Provided data
————————
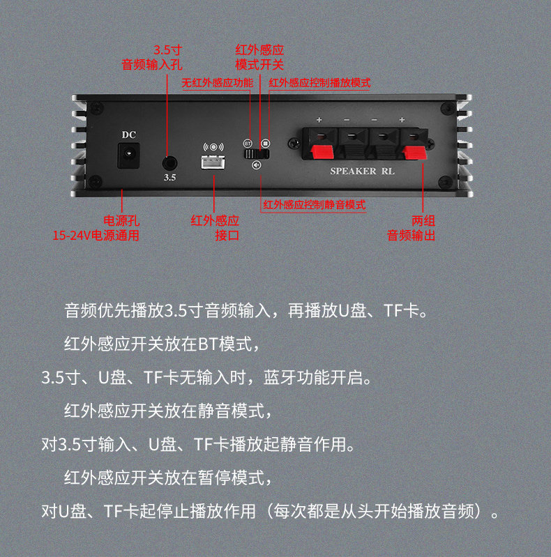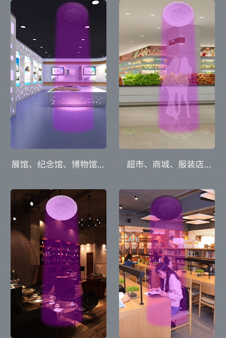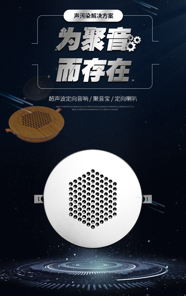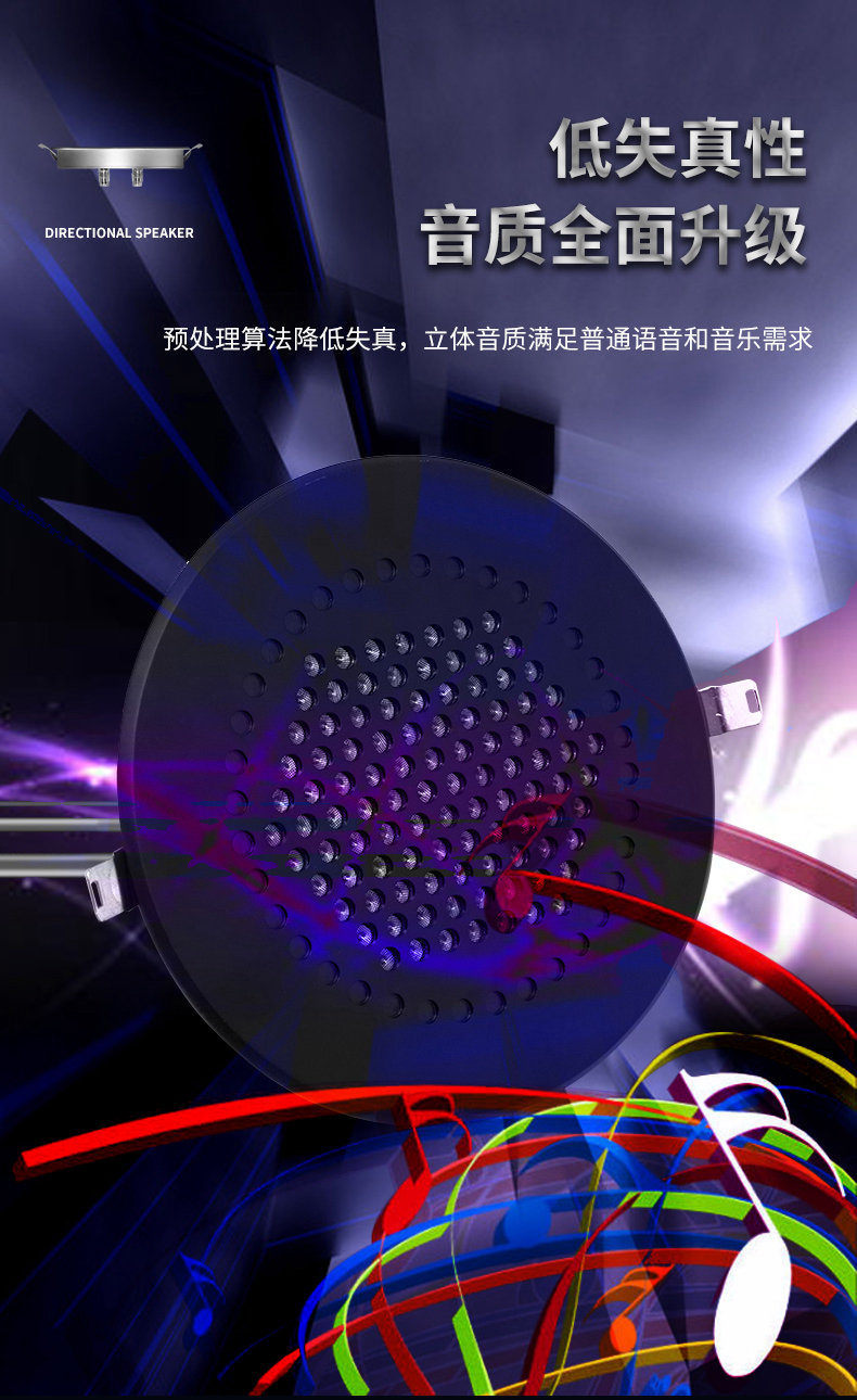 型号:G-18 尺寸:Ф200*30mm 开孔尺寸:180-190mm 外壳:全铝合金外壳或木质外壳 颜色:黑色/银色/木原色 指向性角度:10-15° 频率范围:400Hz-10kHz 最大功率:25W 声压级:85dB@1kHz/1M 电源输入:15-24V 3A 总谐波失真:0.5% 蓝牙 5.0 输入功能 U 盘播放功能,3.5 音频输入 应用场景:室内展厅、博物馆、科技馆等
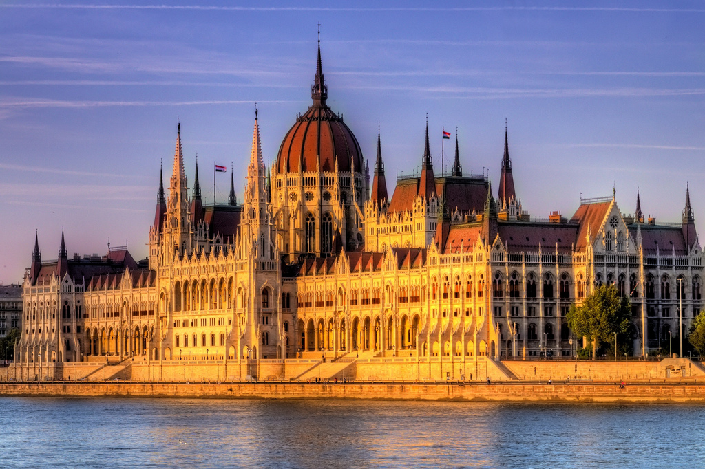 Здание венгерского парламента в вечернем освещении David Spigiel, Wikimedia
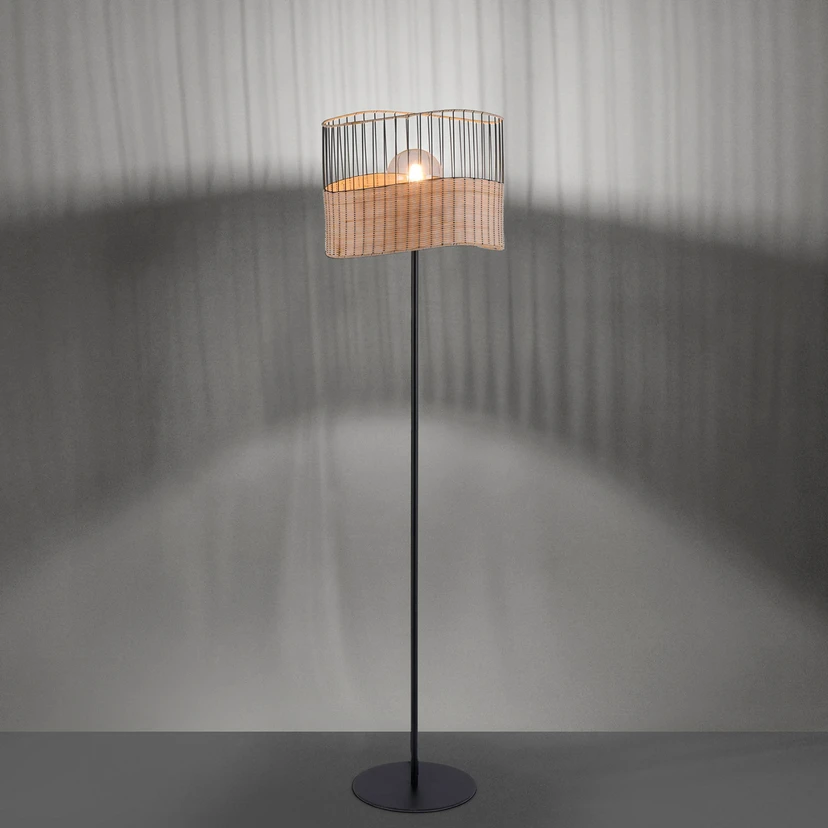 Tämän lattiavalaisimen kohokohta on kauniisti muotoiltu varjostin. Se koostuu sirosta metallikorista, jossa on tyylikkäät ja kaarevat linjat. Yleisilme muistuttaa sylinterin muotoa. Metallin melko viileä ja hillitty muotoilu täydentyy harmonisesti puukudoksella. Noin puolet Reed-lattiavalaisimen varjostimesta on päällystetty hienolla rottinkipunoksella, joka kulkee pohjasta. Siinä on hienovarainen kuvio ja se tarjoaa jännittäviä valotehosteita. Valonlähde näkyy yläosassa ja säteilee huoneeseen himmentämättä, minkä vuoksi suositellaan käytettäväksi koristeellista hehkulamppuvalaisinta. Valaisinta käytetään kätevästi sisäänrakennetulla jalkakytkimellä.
————————
Task objective
A word-for-word transcription of the listing is needed, minus its images.

Response to the task
 型号:G-18 尺寸:Ф200*30mm 开孔尺寸:180-190mm 外壳:全铝合金外壳或木质外壳 颜色:黑色/银色/木原色 指向性角度:10-15° 频率范围:400Hz-10kHz 最大功率:25W 声压级:85dB@1kHz/1M 电源输入:15-24V 3A 总谐波失真:0.5% 蓝牙 5.0 输入功能 U 盘播放功能,3.5 音频输入 应用场景:室内展厅、博物馆、科技馆等
 Здание венгерского парламента в вечернем освещении David Spigiel, Wikimedia
 Tämän lattiavalaisimen kohokohta on kauniisti muotoiltu varjostin. Se koostuu sirosta metallikorista, jossa on tyylikkäät ja kaarevat linjat. Yleisilme muistuttaa sylinterin muotoa. Metallin melko viileä ja hillitty muotoilu täydentyy harmonisesti puukudoksella. Noin puolet Reed-lattiavalaisimen varjostimesta on päällystetty hienolla rottinkipunoksella, joka kulkee pohjasta. Siinä on hienovarainen kuvio ja se tarjoaa jännittäviä valotehosteita. Valonlähde näkyy yläosassa ja säteilee huoneeseen himmentämättä, minkä vuoksi suositellaan käytettäväksi koristeellista hehkulamppuvalaisinta. Valaisinta käytetään kätevästi sisäänrakennetulla jalkakytkimellä.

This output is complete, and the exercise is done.